No, when you do a clone, you are formatting the drive. You are formatting it to be a copy of the original drive.

The only reason why I suggested formatting the drive in this instance is because you have old info on the "new" drive. I prefer to wipe the slate before I add info to it in a situation like this.

Is it necessary? Maybe, maybe not. That's just how I do things.


This does assume that it's a true clone and not just backup of data. There is a difference in those applications.

If you have a source drive that has 3 partitions formatted, your destination clone drive will also have 3 partitions formatted.
 

OldPaint

New Member
ok.........tell me how you set an SSD to be a slave??? there are no jumpers on a SSD DRIVE. WHAT HAPPENS when you have 2 SSD's on a sata connection m/b is the board is smart enough to know which is the C: drive to boot from. when the 2nd one was not even formatted yet. now this was not possible with IDE hard drives cause they would be on the same cable, same IDE PIN connection on the mother board.
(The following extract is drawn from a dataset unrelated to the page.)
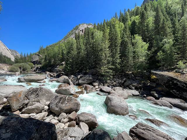 可可托海不是海,景区里有幽深的峡谷、清澈透明的河流、陡峭秀丽的山峰,环境非常优美。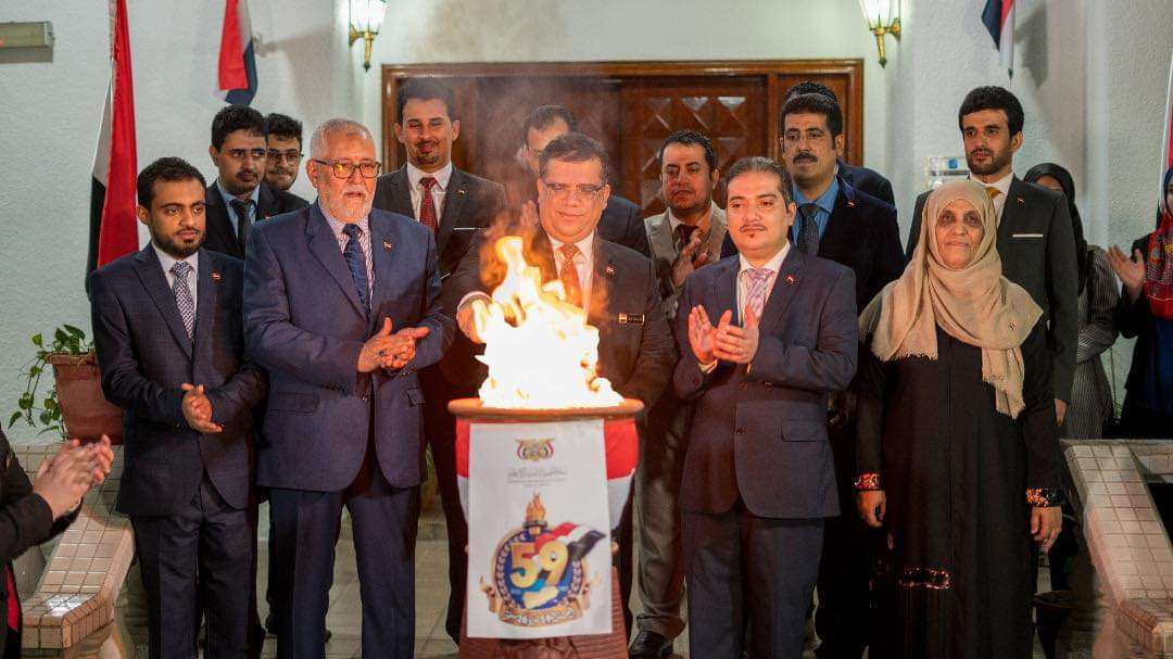 كما أشار السفير باحميد في كلمته إلى أن روح الثورة السبتمبرية والاكتوبرية لا تزال تسري إلى اليوم في ثبات وصمود أبطال القوات المسلحة والمقاومة الشعبية الذين يذودون عن الوطن وهويته ويدافعون عن سيادته أمام الانقلاب الغاشم للمليشيا الحوثية السلالية التي أرادت بانقلابها طمس هوية الثورة واستبدالها بهوية انقلابية ومشروع كهنوتي لا ينتمي إلى الأرض اليمنية ولا تنتمي إليه.

SATA will detect and place any additional drives added and will only boot to C: unless instructed manually thru disk management. now the DUAL BOOT THING......... is a different ball game. not what i was doing. i have 5-6 SATA PORTS.. on this m/b i can plug a hard drive into each one and set up which i choose to call C: as far as the m/b is concerened it will alway be the 1st port used as main hard drive.....all other SATA port connection will be assigned a letter like G:, H:, K: L: and so on.
 

Techman

New Member
Not when both are primary with bootable media in it and you don't have it setup for at the vary least in this situation as dual booting

Not sure what you are referring to..

The motherboard will boot to whatever drive is assigned to be the boot drive in BIOS.

Take two drives, install and set them up both as c drives.

Install them both into the computer... go into BIO and assign one or the other as primary BOOT drive. After one is assigned as C BOT the others will be assigned their own letter
Being installed as a primary boot disk has no affect on it in anyway.
BIOS decides what to assign as boot drive.

Anytime one wished he can go into bios and assign any drive one wants to boot. One day it can be a drive with win 10 another it can be changed to win7 drive.


As for formatting a drive when cloning? Not needed. The clone utility overwrites every thing and reassigned the boot data table anyway.
 

WildWestDesigns

Active Member
Not sure what you are referring to..

Windows 7 has a known issue of having problems when cloning to a bigger harddrive then the original (which is what the OP is doing). You might encounter the Windows not genuine message message when you boot with both of them connected.

It has to do with how it handles disc lettering after the cloning process. Boot with both of them connected, even once and have fun. It's not quite as easy to just simple change the letter mapping either. It's already been recognized as a Windows not genuine at that point. I've seen it where the original C: is listed as something else, as a G: even an S:. At that point, both drives are required to remain to run the system unless fixed.

Solutions that I have found were to handle things within the registry in Safe Mode, not within Disk Management (which would have been my first inclination).
 

Andy D

Active Member
I just went through something similar (not a cloning though) with my Samsung SSD, I'm not a computer expert, so take what I say with a grain of salt,
But I would suggest formating and cloning via Samsung's proprietary program. Also, I do remember that I had an issue that the new harddrive was "frozen"
or "locked-up" after formatting it, and I had to unplug the hard drive's power and data, replug them in and type a DOS command prompt... other than that, it worked great.